**Exercise materials:**
↓↓↓

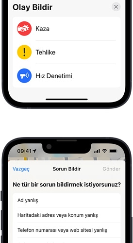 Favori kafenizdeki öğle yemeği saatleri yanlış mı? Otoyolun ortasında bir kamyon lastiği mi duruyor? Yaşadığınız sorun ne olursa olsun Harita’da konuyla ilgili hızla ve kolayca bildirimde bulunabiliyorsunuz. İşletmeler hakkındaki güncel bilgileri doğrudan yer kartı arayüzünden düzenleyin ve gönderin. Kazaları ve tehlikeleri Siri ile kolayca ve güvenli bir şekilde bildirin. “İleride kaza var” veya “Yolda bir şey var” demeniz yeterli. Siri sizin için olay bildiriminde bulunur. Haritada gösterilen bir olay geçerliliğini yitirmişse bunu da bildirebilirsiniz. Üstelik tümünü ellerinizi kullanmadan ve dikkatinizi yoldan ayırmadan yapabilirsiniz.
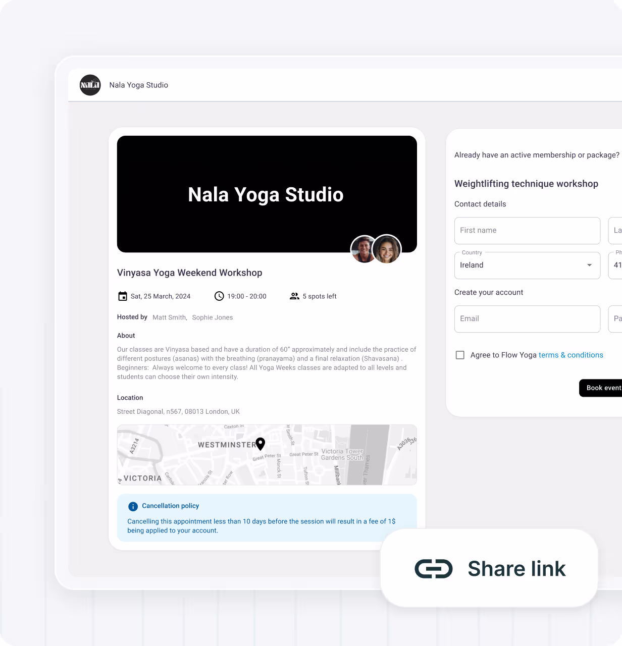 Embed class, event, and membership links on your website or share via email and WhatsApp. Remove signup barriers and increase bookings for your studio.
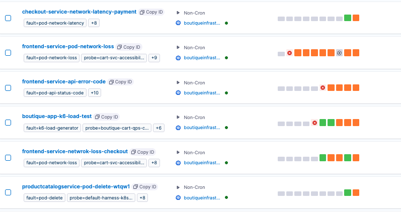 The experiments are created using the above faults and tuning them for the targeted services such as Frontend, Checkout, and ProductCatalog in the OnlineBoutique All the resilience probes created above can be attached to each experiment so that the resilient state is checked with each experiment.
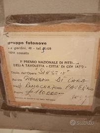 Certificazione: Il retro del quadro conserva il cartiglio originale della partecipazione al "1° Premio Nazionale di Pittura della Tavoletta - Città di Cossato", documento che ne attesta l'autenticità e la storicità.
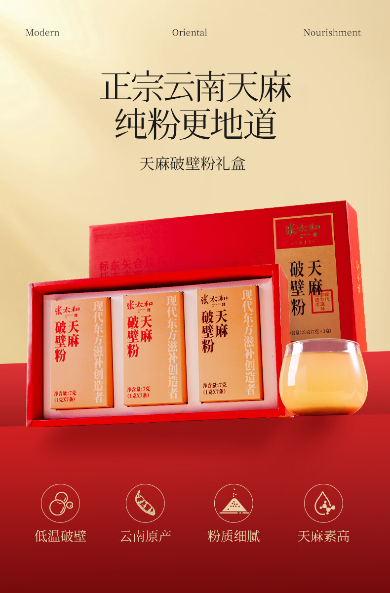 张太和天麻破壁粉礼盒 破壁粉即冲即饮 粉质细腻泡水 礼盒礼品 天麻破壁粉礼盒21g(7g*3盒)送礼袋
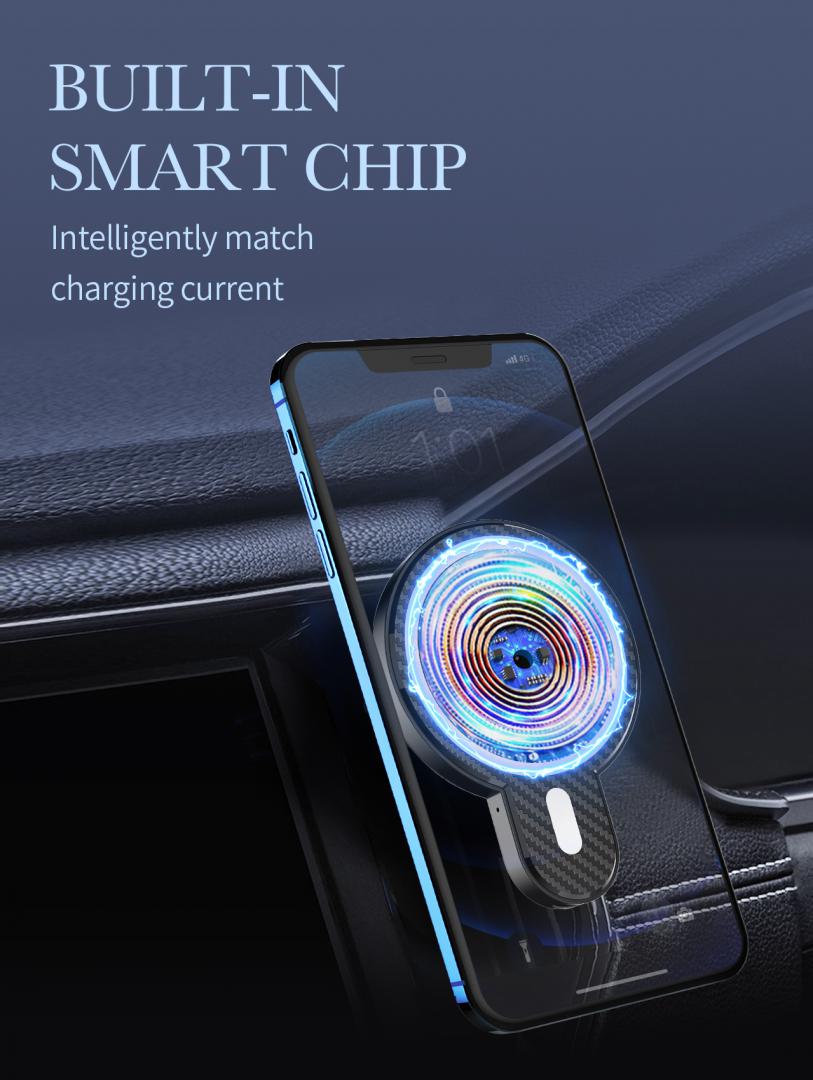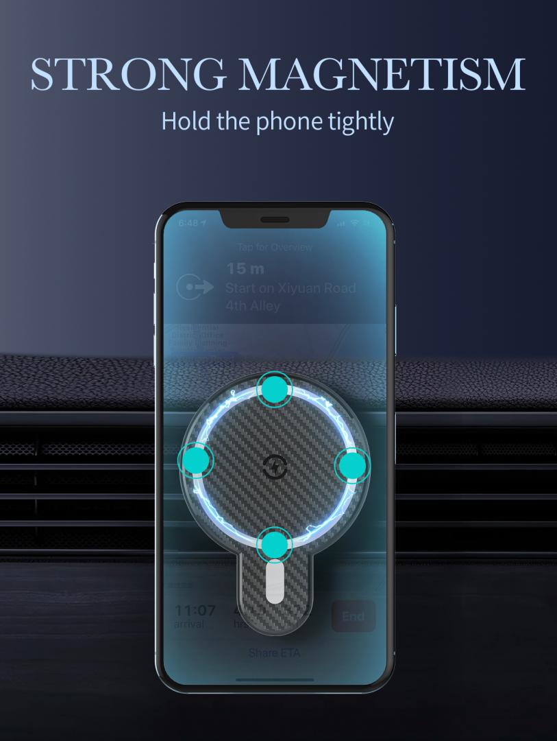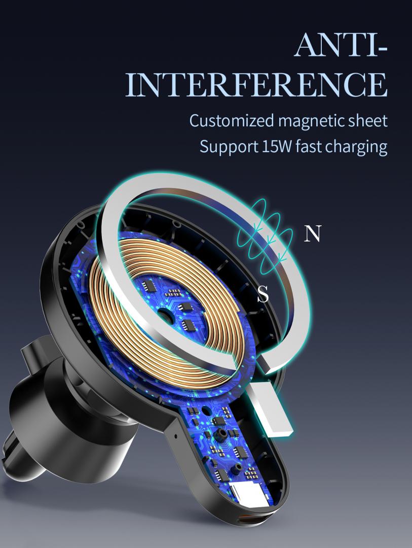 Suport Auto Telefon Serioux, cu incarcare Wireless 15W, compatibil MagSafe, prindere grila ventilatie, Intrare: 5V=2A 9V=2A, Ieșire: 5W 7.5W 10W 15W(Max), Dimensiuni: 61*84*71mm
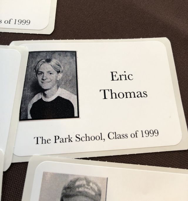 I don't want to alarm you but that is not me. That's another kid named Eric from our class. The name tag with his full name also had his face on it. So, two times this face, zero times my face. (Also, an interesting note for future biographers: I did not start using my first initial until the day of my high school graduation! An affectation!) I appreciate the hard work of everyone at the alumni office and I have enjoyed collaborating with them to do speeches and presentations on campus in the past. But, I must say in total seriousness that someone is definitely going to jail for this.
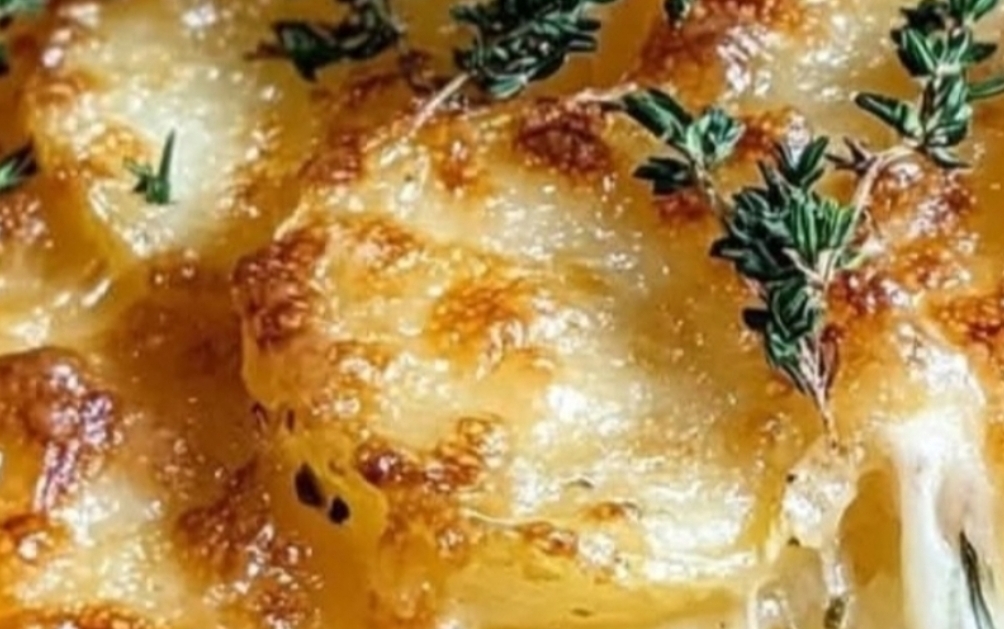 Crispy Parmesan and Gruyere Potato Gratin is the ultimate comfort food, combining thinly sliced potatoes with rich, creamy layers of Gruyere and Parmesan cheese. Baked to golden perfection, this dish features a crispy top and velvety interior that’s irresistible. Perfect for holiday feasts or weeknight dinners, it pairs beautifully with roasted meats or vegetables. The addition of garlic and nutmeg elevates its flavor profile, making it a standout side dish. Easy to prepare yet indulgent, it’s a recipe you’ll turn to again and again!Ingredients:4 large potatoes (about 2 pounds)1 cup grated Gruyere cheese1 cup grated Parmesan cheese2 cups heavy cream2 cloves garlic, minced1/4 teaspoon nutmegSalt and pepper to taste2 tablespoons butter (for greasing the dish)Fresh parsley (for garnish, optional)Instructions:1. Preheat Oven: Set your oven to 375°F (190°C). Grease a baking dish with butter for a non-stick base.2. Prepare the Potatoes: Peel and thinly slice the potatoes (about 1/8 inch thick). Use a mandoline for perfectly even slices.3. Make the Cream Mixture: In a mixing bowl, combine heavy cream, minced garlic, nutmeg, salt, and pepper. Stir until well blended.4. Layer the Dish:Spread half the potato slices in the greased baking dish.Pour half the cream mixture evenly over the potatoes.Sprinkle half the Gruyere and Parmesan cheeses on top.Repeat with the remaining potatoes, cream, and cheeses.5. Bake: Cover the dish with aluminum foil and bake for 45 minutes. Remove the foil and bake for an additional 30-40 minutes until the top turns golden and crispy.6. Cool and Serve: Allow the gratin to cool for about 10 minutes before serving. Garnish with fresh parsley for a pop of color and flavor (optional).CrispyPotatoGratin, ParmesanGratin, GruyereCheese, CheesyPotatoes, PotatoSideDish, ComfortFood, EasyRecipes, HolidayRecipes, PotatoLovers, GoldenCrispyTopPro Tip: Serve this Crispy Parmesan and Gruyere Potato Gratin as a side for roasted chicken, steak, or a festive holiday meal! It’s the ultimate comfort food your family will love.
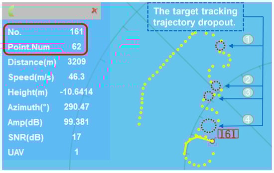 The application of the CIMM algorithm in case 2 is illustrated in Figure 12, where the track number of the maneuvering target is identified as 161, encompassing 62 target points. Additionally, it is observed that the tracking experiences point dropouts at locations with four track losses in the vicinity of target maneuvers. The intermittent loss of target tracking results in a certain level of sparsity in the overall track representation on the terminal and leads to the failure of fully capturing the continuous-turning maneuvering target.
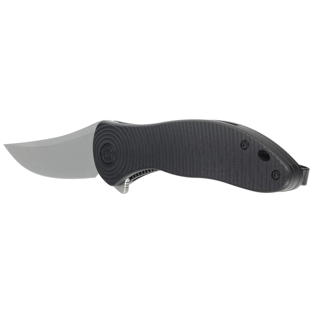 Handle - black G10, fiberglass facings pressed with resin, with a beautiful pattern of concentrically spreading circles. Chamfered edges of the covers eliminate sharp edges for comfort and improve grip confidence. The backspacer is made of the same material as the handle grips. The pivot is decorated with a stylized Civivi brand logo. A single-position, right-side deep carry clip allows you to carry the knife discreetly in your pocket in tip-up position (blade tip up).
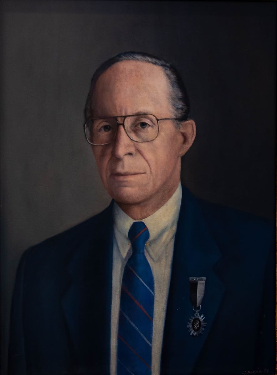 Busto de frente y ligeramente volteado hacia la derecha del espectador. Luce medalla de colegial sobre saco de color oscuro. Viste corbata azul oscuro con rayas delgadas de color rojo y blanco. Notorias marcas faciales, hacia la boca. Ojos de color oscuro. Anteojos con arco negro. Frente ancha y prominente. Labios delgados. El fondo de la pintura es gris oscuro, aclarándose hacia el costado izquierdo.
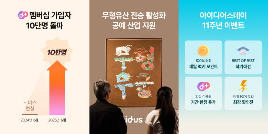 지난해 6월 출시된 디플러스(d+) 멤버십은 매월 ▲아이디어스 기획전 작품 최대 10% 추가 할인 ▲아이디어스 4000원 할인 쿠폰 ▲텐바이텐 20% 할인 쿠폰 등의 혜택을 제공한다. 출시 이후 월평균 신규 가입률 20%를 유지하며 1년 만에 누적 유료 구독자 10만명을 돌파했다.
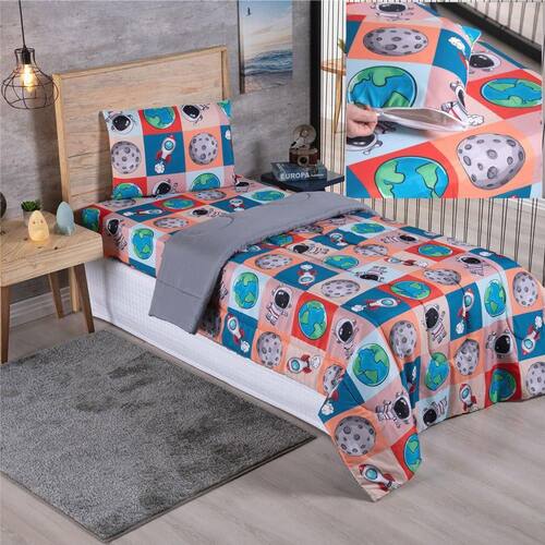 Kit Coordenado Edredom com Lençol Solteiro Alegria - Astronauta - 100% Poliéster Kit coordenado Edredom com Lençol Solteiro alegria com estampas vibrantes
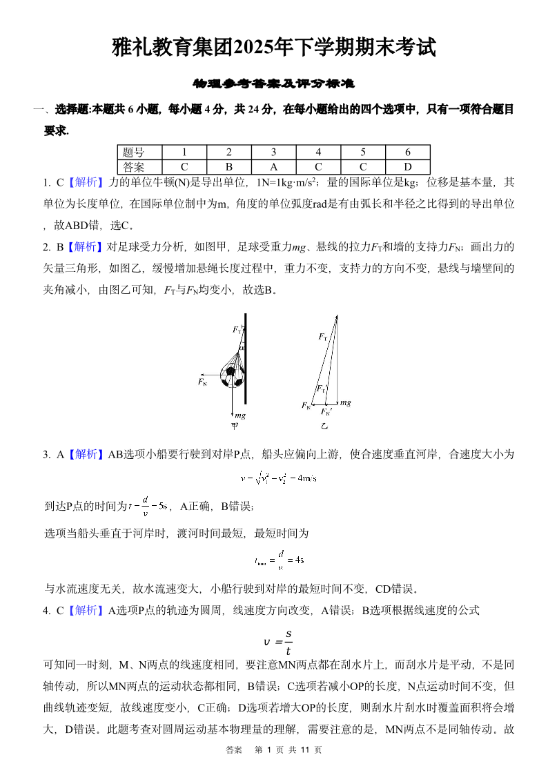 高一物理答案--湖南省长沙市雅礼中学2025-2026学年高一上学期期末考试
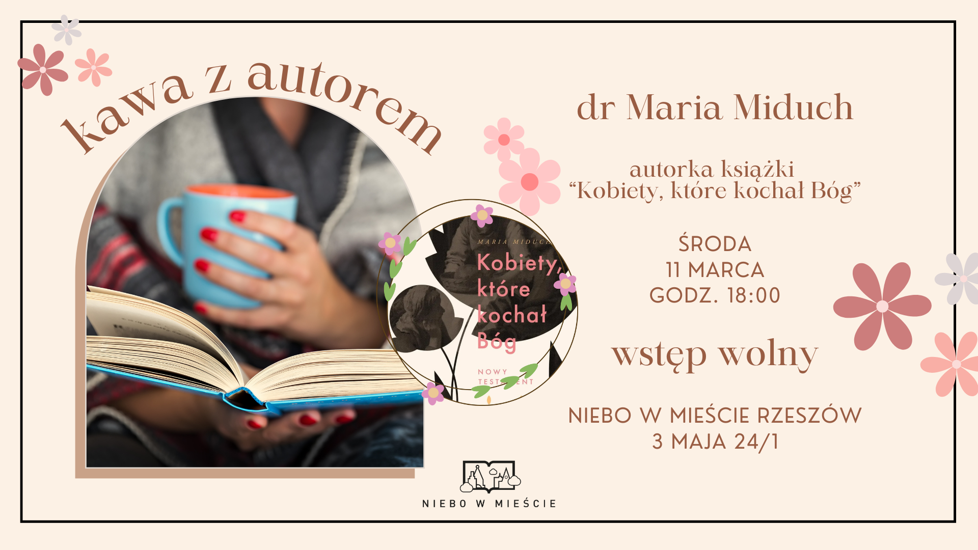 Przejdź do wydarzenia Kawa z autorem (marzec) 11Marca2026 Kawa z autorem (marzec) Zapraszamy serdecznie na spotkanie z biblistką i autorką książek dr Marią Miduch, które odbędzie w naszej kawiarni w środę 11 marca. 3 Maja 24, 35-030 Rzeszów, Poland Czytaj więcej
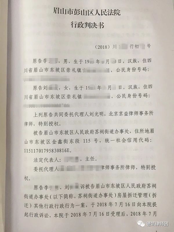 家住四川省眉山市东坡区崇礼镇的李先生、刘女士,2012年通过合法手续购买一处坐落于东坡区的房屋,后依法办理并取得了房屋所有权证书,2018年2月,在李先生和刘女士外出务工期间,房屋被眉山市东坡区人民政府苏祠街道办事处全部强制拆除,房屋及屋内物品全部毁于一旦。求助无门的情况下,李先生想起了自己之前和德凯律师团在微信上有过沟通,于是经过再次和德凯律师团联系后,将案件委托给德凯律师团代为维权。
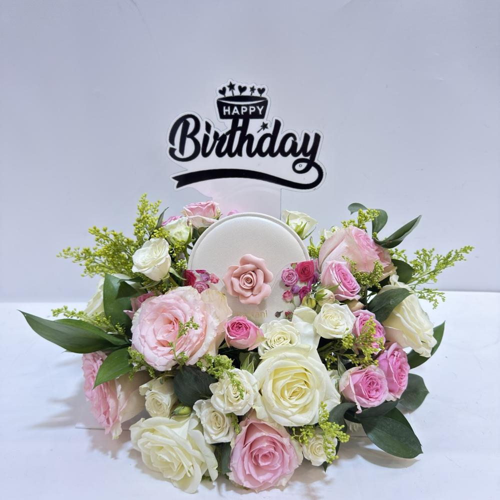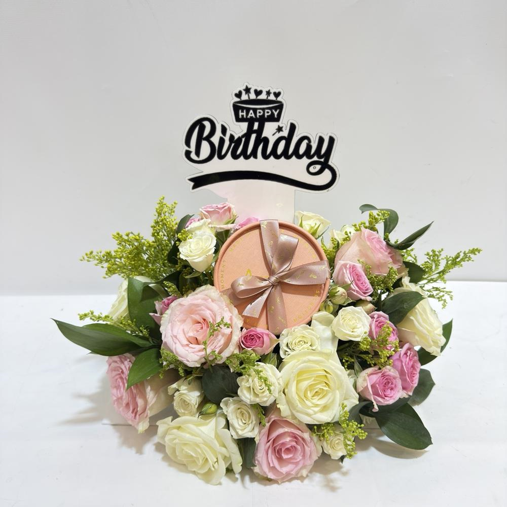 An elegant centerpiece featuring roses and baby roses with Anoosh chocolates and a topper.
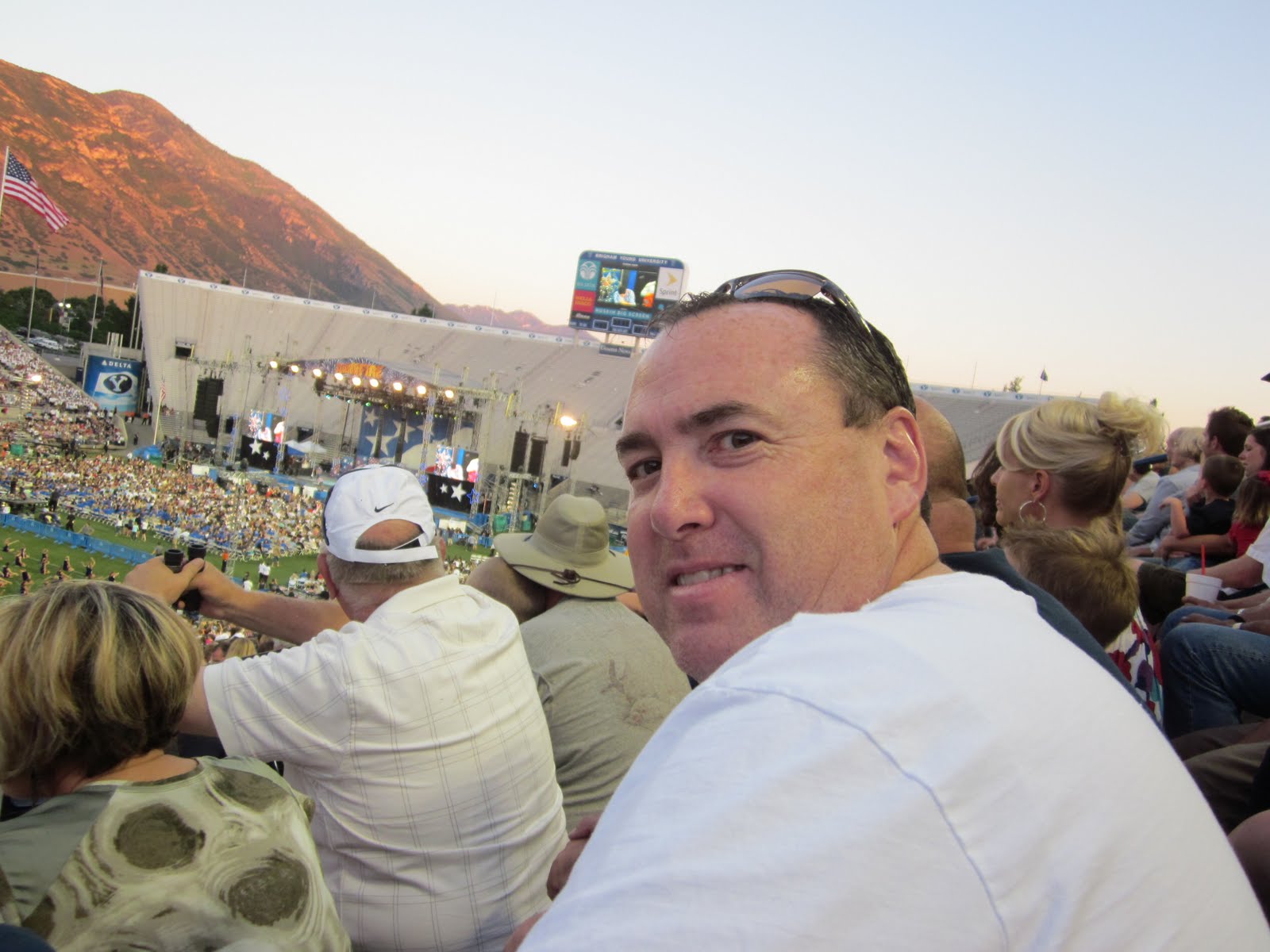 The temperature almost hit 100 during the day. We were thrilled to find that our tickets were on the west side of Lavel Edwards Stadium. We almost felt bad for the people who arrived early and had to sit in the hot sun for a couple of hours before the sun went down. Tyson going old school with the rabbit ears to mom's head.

↑↑↑

**Activity:** Text only, no pictures: please print exactly the lines above from the line with "Busto de frente" up to and including the line with "지난해 6월 출시된 디플러스(d+)", and nothing else.

**Result of this exercise:**
 Busto de frente y ligeramente volteado hacia la derecha del espectador. Luce medalla de colegial sobre saco de color oscuro. Viste corbata azul oscuro con rayas delgadas de color rojo y blanco. Notorias marcas faciales, hacia la boca. Ojos de color oscuro. Anteojos con arco negro. Frente ancha y prominente. Labios delgados. El fondo de la pintura es gris oscuro, aclarándose hacia el costado izquierdo.
 지난해 6월 출시된 디플러스(d+) 멤버십은 매월 ▲아이디어스 기획전 작품 최대 10% 추가 할인 ▲아이디어스 4000원 할인 쿠폰 ▲텐바이텐 20% 할인 쿠폰 등의 혜택을 제공한다. 출시 이후 월평균 신규 가입률 20%를 유지하며 1년 만에 누적 유료 구독자 10만명을 돌파했다.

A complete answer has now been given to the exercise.